The Man From Nowhere (2010)

Country: South Korea
Director: Jeong-beom Lee
Starring: Bin Won, Sae-ron Kim, Tae-hoon Kim, Hee-won Kim, Seong-oh Kim, Jong-pil Lee
Writer: Jeong-beom Lee
Music: Hyun-jung Shim

There’s a tough little sub genre of spy films, I like to call the ‘messed with the wrong guy’ spy film. It usually features a band of villains picking on a person or group of civilians (often a family), and it just so happens that these people have been befriended by or related to a retired bad-ass spy. To the villains, the spy just seems like an old codger (or a nobody), but we know, despite the wrinkles or low-key personality, this guy is a lethal weapon.

Generally these films tends to play more like a revenge flick and have a tendency to be rather violent. And that’s the perfect lead-in to The Man From Nowhere, which I think is one the best of these violent revenge flicks to come out in the last few years. Some people say that these films aren’t actually spy films, and in a way they are right, however, it is the skill set that these characters have learned through their spy training that allow them to perform the deeds that they do. And often these offensives against the bad guys, are planned and carried out, just like an espionage mission.

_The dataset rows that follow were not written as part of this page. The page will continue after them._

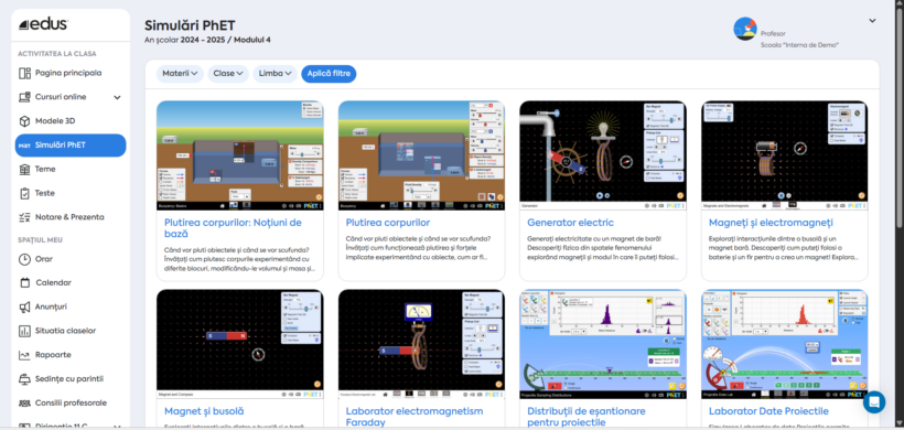 Integrarea PhET în EDUS răspunde nevoii tot mai mari de digitalizare a educației. EDUS s-a născut din dorința de a aduce școlile din România în era digitală. Prin platforma noastră, oferim profesorilor și elevilor un ecosistem complet: de la acces la conținut educațional, la cursuri pentru profesori și instrumente digitale pentru predare. Punem la dispoziție echipamente moderne — laptopuri, table interactive, camere de documente, ochelari VR, imprimante 3D și roboței educaționali.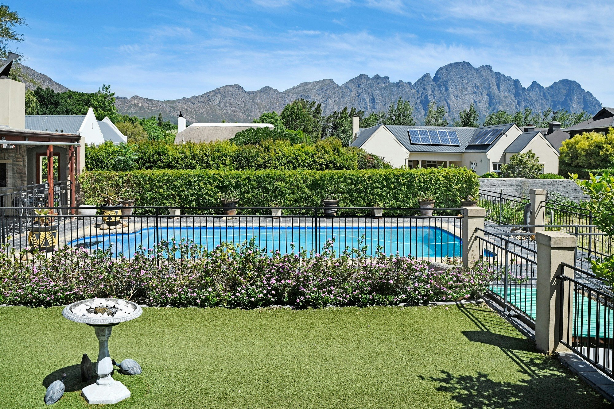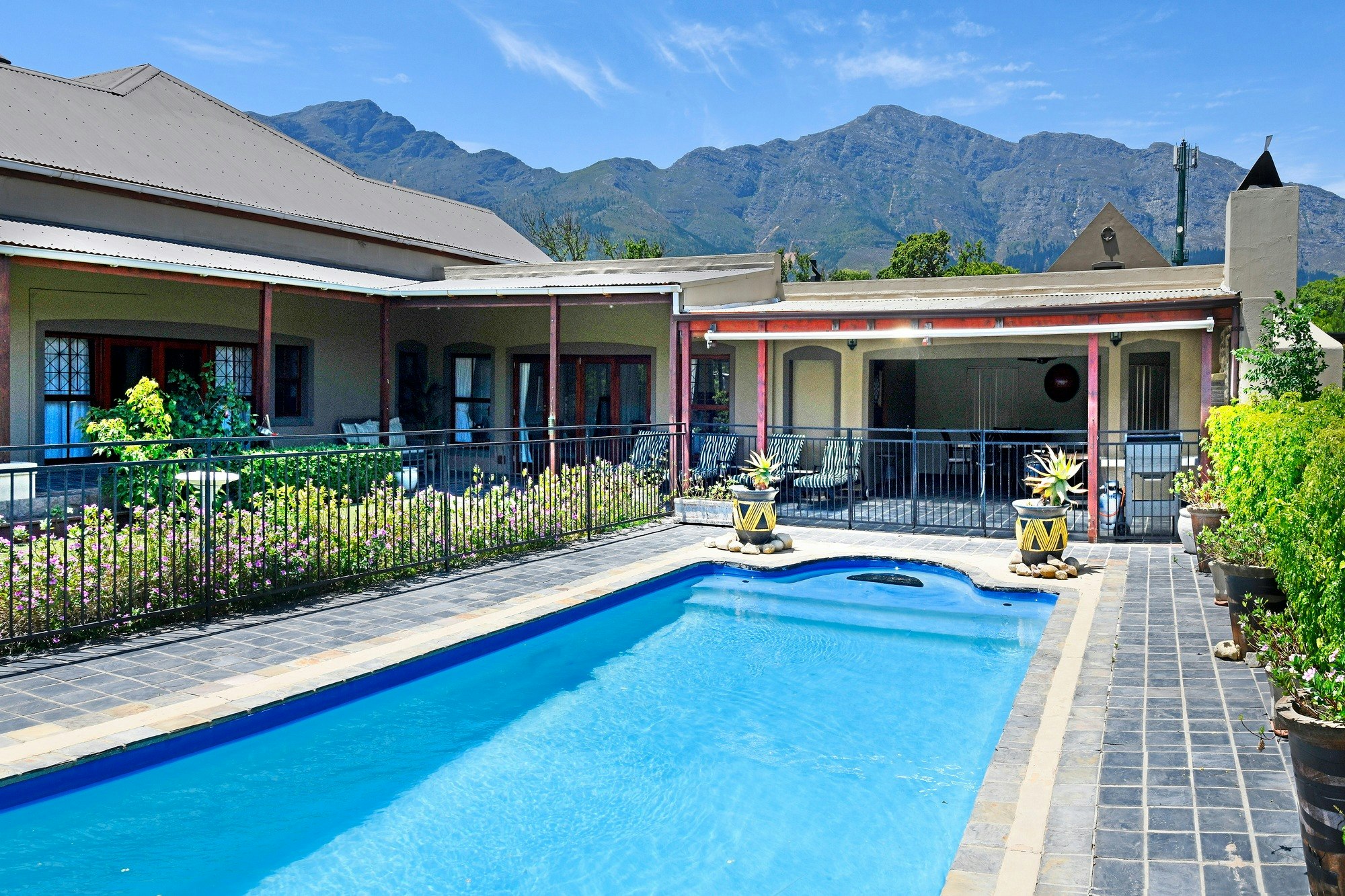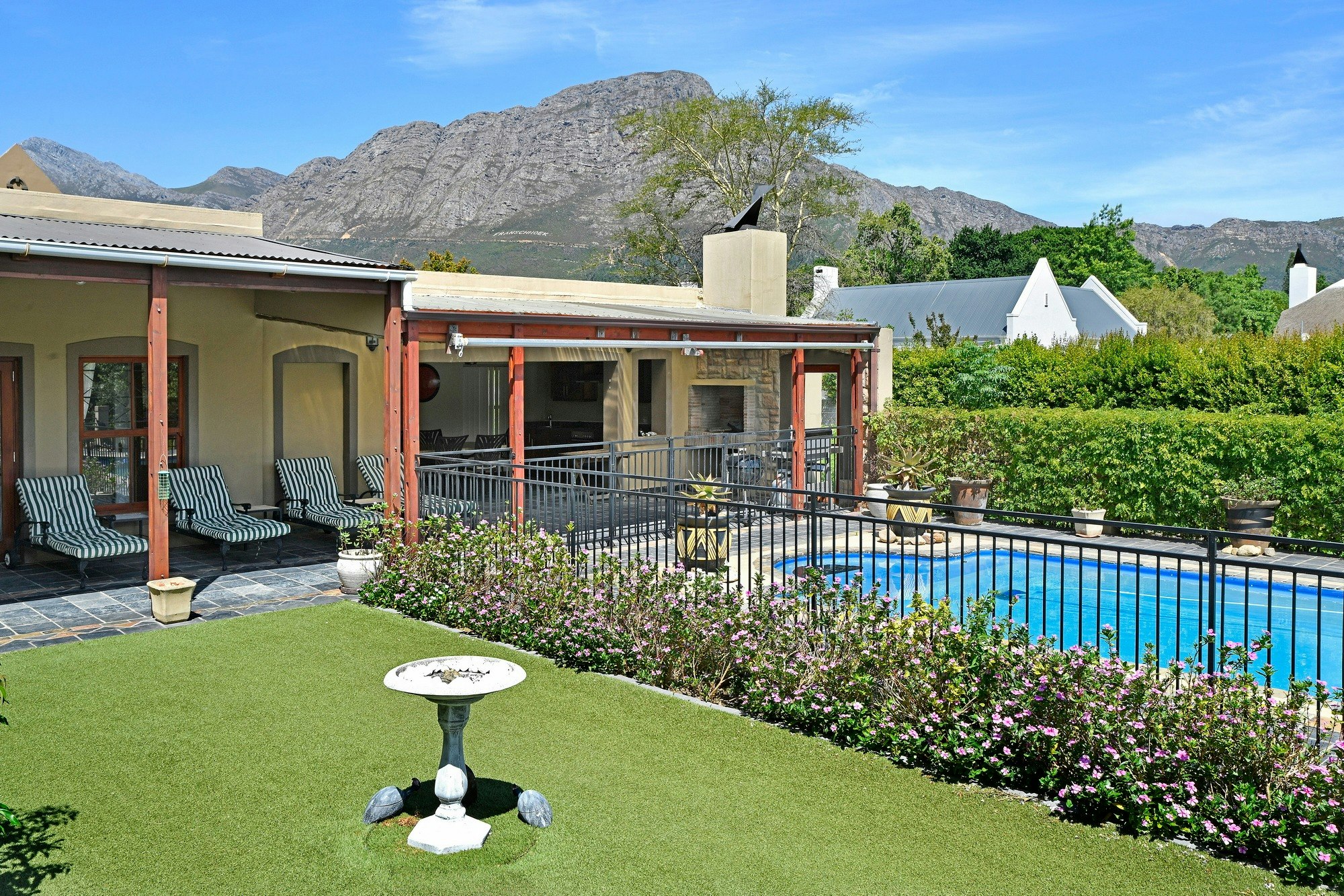 Outside, guests can enjoy a covered patio with an outdoor kitchen and built-in braai. Additionally, a swimming pool and outdoor shower complete this space. Guests are afforded secure garage and driveway parking behind a secure gate. This property is just a short walk from Franschhoek’s shops and restaurants, only 150 m from the Franschhoek Wine Tram Terminal, and 500 m from the bustling Franschhoek Market.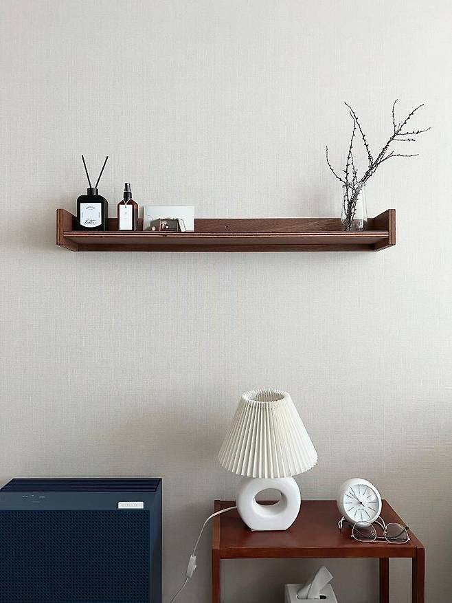 네 번째로 추천드릴 제품은 '벽 선반'입니다. 벽 선반은 감성을 더해줄 뿐만 아니라 수납공간을 확보해 주기에 더욱 추천드립니다. 수납공간은 다다익선인 것 다들 아시죠 ? ㅎㅎ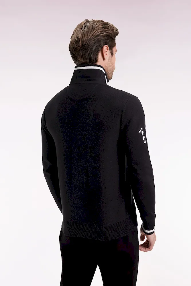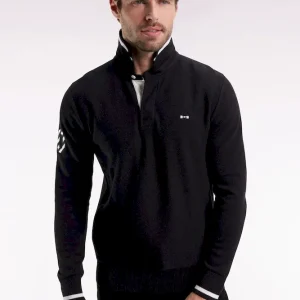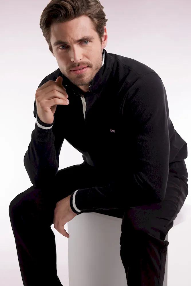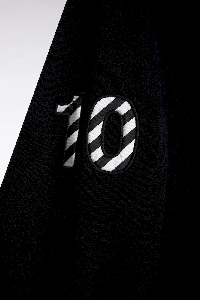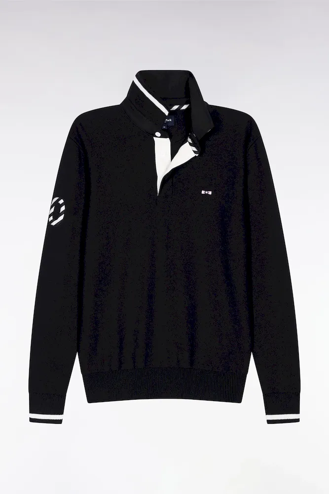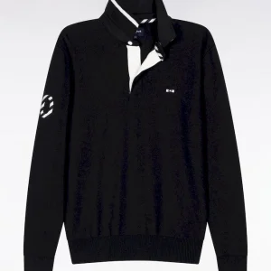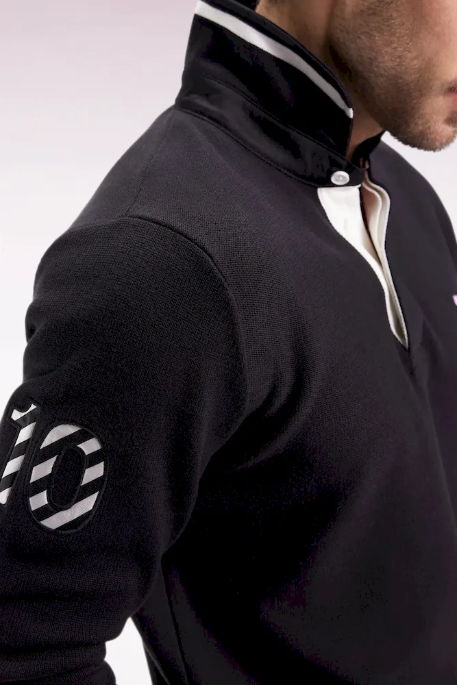 Hommage assumé à l’univers rugby, ce pull à col maillot joue sur les codes sport-chic chers à Eden Park. Dessous de col tricoté souligné d’un liseré, construction soignée avec bande de propreté en tissu cravate, rappel de sa broderie 10 sur la manche : chaque détail reflète le savoir-faire de la maison et l’amour porté au rugby. Ce pull présente une alternance de points de tricotage sur le corps et les manches pour une silhouette graphique et dynamique

Here the ex-agent in question is CHA Tae-shik (Won Bin), and he used to be a highly effective deep cover agent. However, his life is shattered, when some evil doers retaliate against him, by killing his pregnant wife and of course, attempting to kill him. But after the death of his wife, CHA leaves the service and becomes an unkempt recluse, running a pawn shop in a poor area of town. His only connection to the outside world is his neighbour’s daughter, So-mi (Kim Sae-ron). Her mother, is a junky, and when she steals a shipment of heroine from an underworld syndicate, the mobsters come after her, killing her, and taking away So-mi, and simply housing her until she comes of age, where she her organs can be harvested and sold on the black market. Naturally, CHA steps up, and goes searching for So-mi.

As you can imagine, so of the themes in this film are pretty bleak, but it is a wild, emotional ride over the duration of its running time. And I hate to admit this, but I was crying like a girl at the end. So the film has a certain emotional content that resonated with me, but the real reason to watch this film is for the amazing fight scenes. They are tough, brutal and realistic, and almost hurt to watch. If you haven’t caught up with The Man From Nowhere, it’s worth tracking down.

The Man From Nowhere (2010)

The Host (2006)

Country: Korea
Director: BOON Joon-ho
Starring: SONG Kang-ho, BYUN Hee-bong, PARK Hae-il, BAE Doo-na, KO A-sung
Cinematographer: KIM Hyung-ku
Editor: KIM Sun-min
Writers: BOON Joon-ho, HA Won-jun, BAEK Chul-hyun
Music: LEE Byung-woo
Producers: CHOI Yong-bae, Junyoung Jang, JOH Neung-yeon, Lewis Kim, KIM Woo-Taek, Jeong Tae-Sung

What makes a great monster film? I think there’s two main ingredients (beyond plain old simple competent film making). The first is the depiction of the monster itself, and here there are two schools of thought. One is to hide the monster from view, believing that what the audience doesn’t see, is actually more scary than anything that can be shown on the screen – the theatre of the mind at work. The other approach is to put the monster front and centre. Of course this only works if you’ve got some damn fine special effects and make-up artists working on the film. The Host takes this second approach, having the monster on the go from the very outset. The second crucial ingredient to a great monster film, is the story and the characters who inhabit it. I know, it sounds simple doesn’t it – but if you don’t give a fuck about the characters, are you going to care when the monster comes a calling and a chompin’ and a chewin’ – me thinks not.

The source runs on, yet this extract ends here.